Há mais de vinte e cinco anos, ao que nos consta, a festa dos pescadores se foi despovoando, não havendo mais as alegrias inocentes de outros tempos. Com a concessão de marinhas e desaparição dos escravos, a pescaria mudou de sua fisionomia original, e em vão se fatigará o olhar procurando as antigas casinhas dos pescadores, naqueles lugares, onde só o mar ficou, porém recuado em suas águas perdendo de suas praias as linhas primitivas.

Com o fim de não se extinguir de todo o pensamento religioso, em épocas mais recentes, distintos moradores do Retiro Saudoso e do Caju reuniram-se para reerguer o tradicional festejo, exuberante de poesia e de jubilosa espontaneidade.
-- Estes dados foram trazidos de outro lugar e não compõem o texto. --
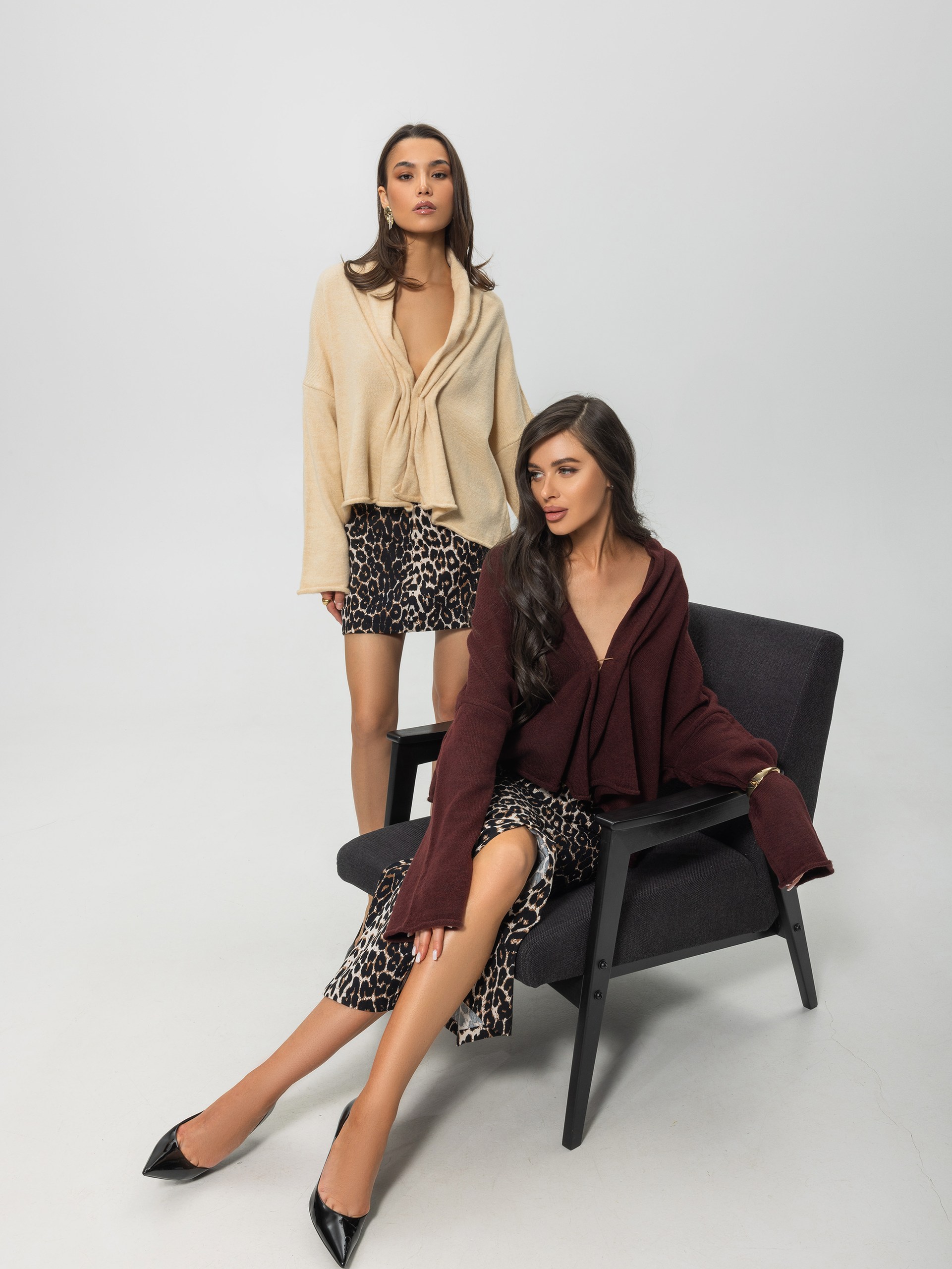Кардиган имеет длинный рукав, шаль воротник и застегнут на брошь
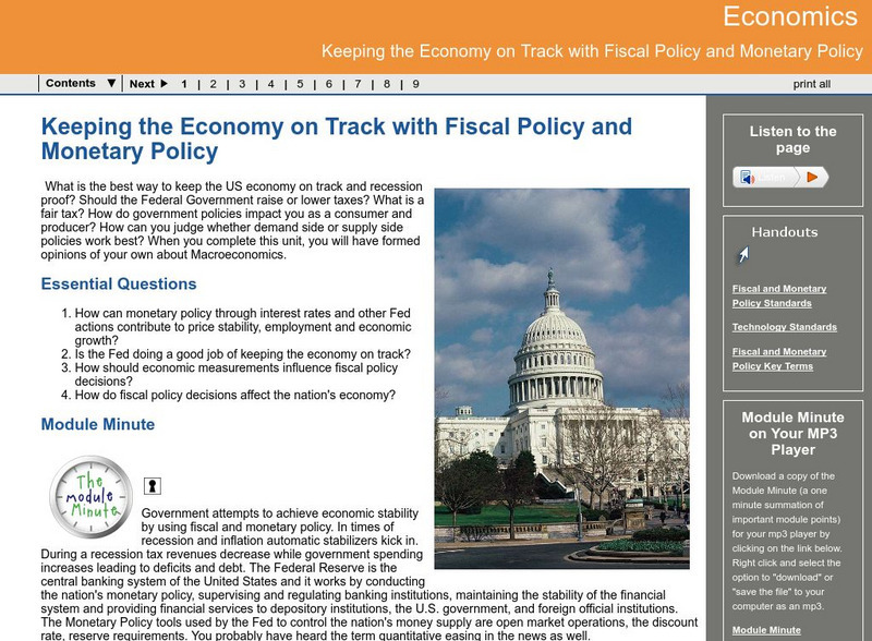 Macroeconomics learning module teaches about fiscal policy and monetary policy with interactive multi-media materials.
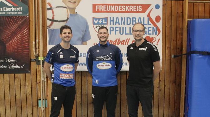 Der erfahrene Rückraumspieler Patrick Rapp (Mitte) verstärkt den VfL Pfullingen. Links: Trainer Florian Möck, rechts: Simon Tölke, Sportlicher Leiter.
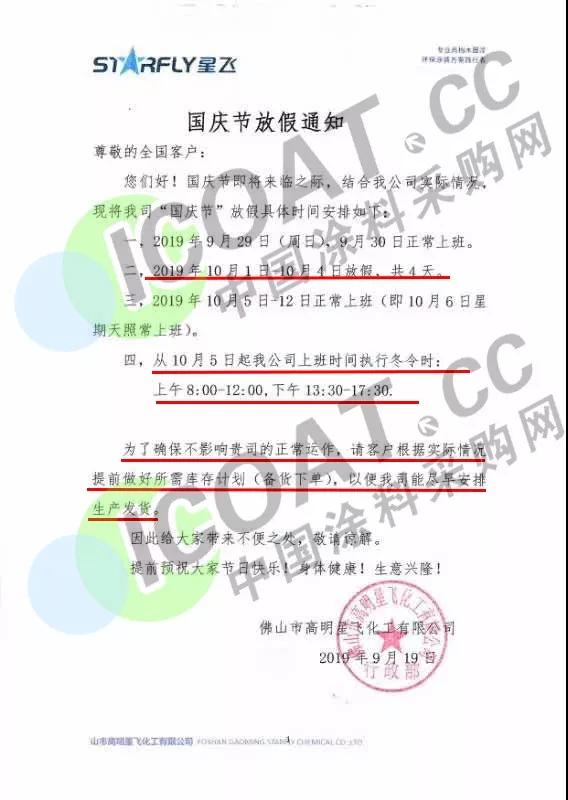 佛山市高明星飛化工有限公司發布通知函稱,9月29日,9月30日正常上班,10月1日至10月4日放假共4天,自10月5日起上班時間執行冬令時,上午8:00-12:00,下午13:30-17:30。并提醒客戶根據實際情況提前做好所需庫存計劃(備貨下單),以便能夠盡早安排。
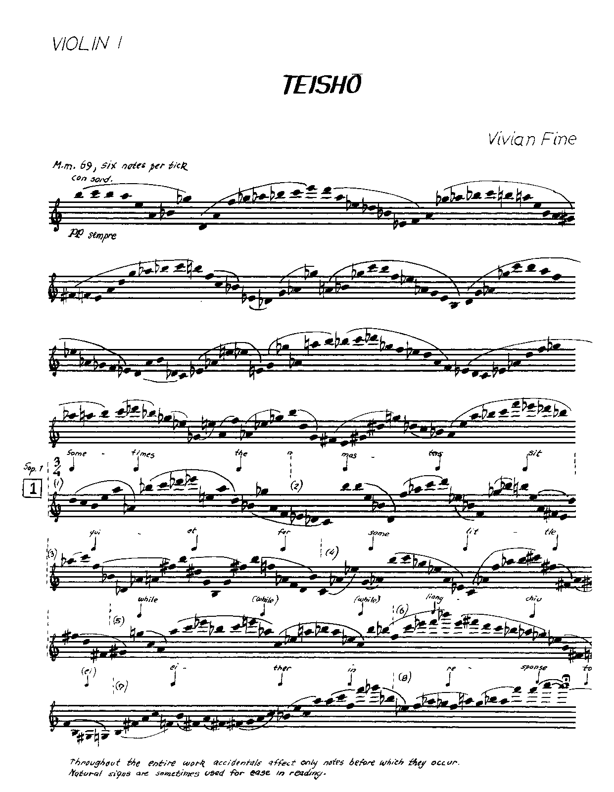 …Teisho’s layerings, texture manipulation, and advanced string writing resemble ideas Fine experimented with in Missa Brevis. Also, both pieces reflect her spiritual inquiries at the time. Zen training was becoming much more available in the United States during the mid-1970s, and Fine, a voracious reader, explored some of D.T. Suzuki’s writings and selected several Zen stories to set to music. As indicated on the score, “Teisho are the sermons or talks delivered by the Zen masters to the disciples.” Often a teisho involves a puzzle that is difficult for the listener to comprehend, and Fine’s Teisho is no exception. For her it was an opportunity to be “interested in two kinds of time, seamless and measured."
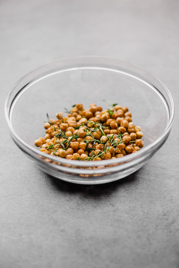 - Liberally toss your drained and dried chickpeas in arrowroot powder (cornstarch should also work!). It gives the chickpeas a light, crunchy coating that is just my favorite thing ever.
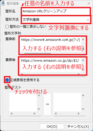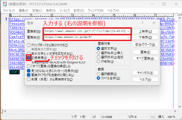 アプリを使う場合は、コピーしたURL を正規表現で置換します。下記は使用する正規表現です。
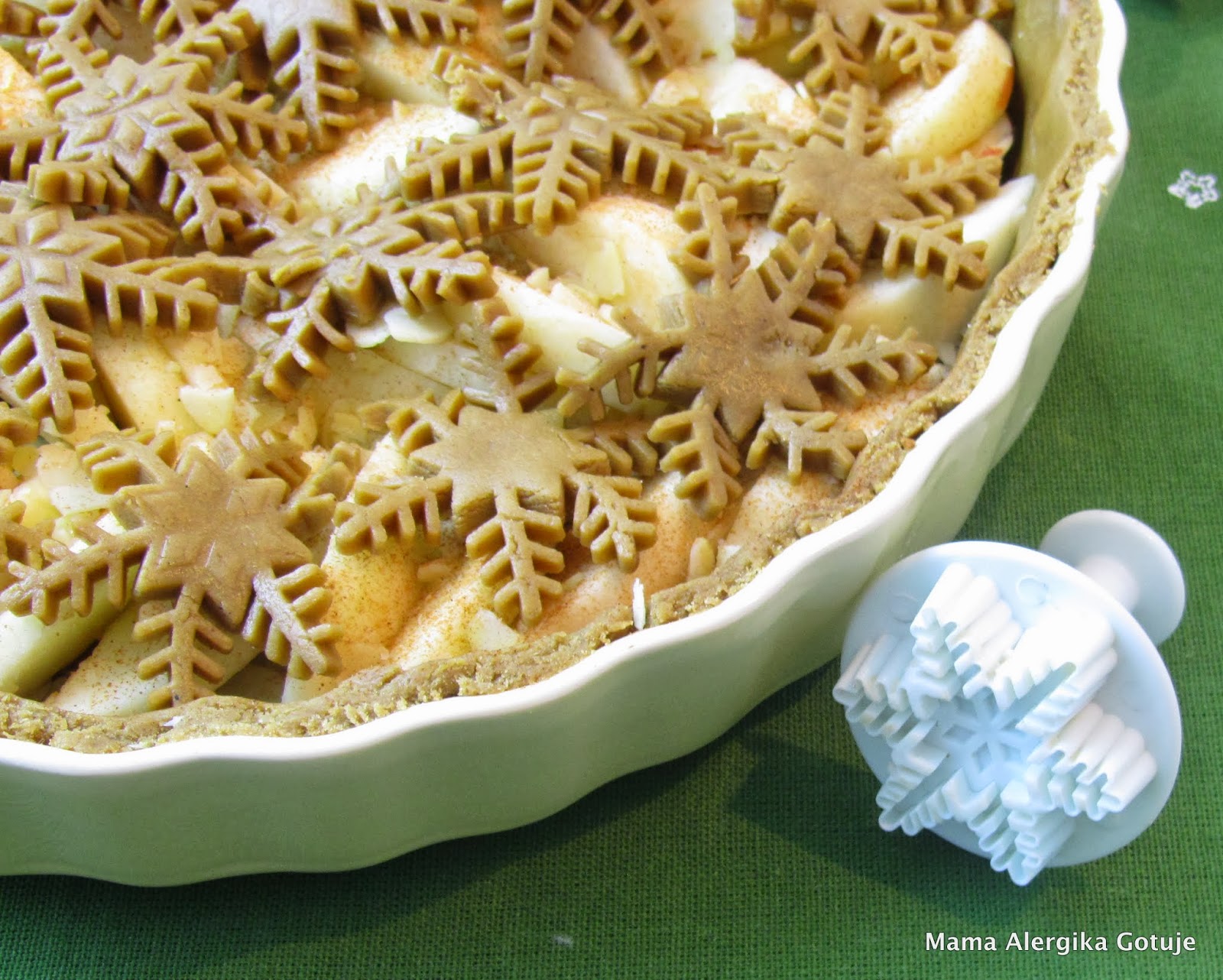 - Drugą część ciasta cienko rozwałkowujemy (2 mm), wykrawamy śnieżynki i układamy je na jabłkach.
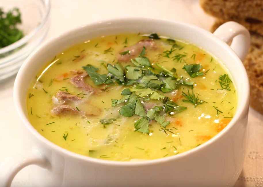 500 г куриной грудки, 3 литра воды, 1 чайная ложка соли, 2-3 лавровых листа, 400 г картофеля, 150 г лука, 180 г моркови, 300 г плавленого сыра, зелень.
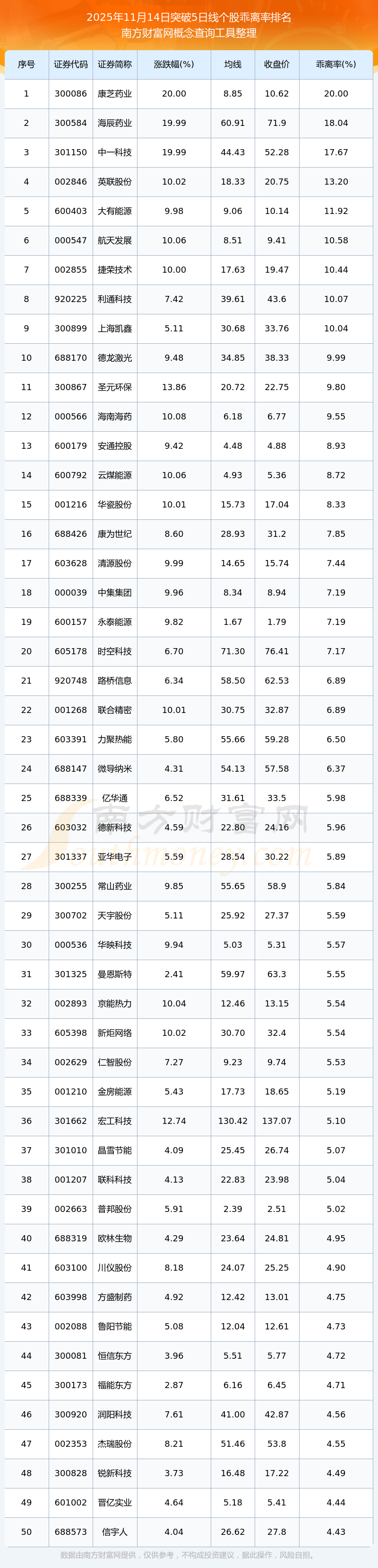 2025年11月14日突破5日線個股乖離率排名
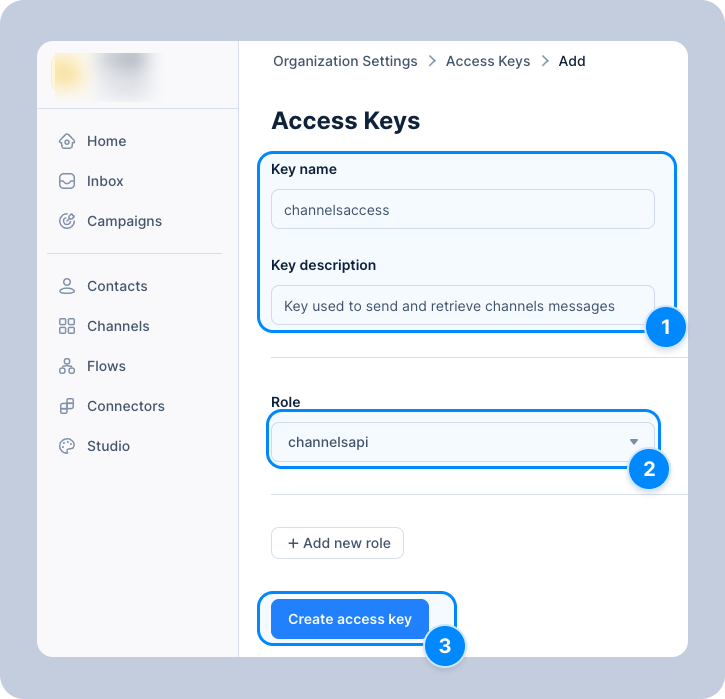 In this example we will create an access key that will attach the access role that was created in the [access roles](https://docs.bird.com/api/access-roles#creating-an-access-role) example

Embora sem a mágica perspectiva dos antigos dias, sem as pompas exteriores da tradição, a festa dos pescadores celebrava-se aos raros fogos do mar e de terra, com relevo delicado e próprio.

Devido à poderosa influência do ilustre doutor João de Castro, essa tradição popular aspirou o renascimento, associando-se a gente do lugar e os pescadores da praia do Caju a renovar-lhe o mareado esplendor.

Então, da casa do benemérito cidadão, e depois do Asilo da Velhice Desamparada, saía a procissão de São Pedro, que vinha até a igrejinha, percorrendo no trânsito ruas adornadas de arcos de folhagens, embandeiradas, tapetadas de flores, ouvindo-se uma banda militar em amplo coreto.

Quer no Asilo, quer na capela particular do organizador da festa, a milagrosa imagem achava-se de véspera sobre lindo altar, avistando-se à direita da entrada vistosa canoinha de pouco mais de um metro, tendo no centro uma espécie de trono e dos lados dois remos sobre os quais descansava.

Destinada a ser conduzida procissionalmente, sobre o singular andor colocavam São Pedro, que ao entardecer já se achava na 
procissionalmente
rua.

E a canoinha, levada ao ombro por moças vestidas de branco, de colarinhos e punhos à marinheira, seguia o seu itinerário, ao som da música e ao estampido dos foguetes, tendo por especial préstito incultos pescadores e rudes mareantes, com os seus trajes próprios e os seus instrumentos de trabalho.

Um ano houve em que a capela foi erigida ao ar livre, lá mesmo para as bandas do Retiro Saudoso, armada com velas e vergas de navios, adornada de emblemas sagrados e de utensílios de pescaria; profusamente iluminada, essa original construção abrigava a imagem ao recolher, e os devotos que iam depor sobre a salva de prata a esmola para o culto.

Não faltavam por essa ocasião as serenatas e comezainas, os rasgados de viola, fogueiras e acessórios, terminando a festança por enfumaçado fogo de artifício, obrigado às fortalezas e fragata, que precediam a última peça, o painel de São Pedro, emoldurado de luzes azuladas e trêmulas, que se derretiam, gotejando no chão.

E como cintas de fogo, as canoas iluminadas contornavam as ilhas e as praias, distinguindo-se em meio do mar as lanternas das embarcações, que se apagavam uma a uma nos nevoeiros do amanhecer."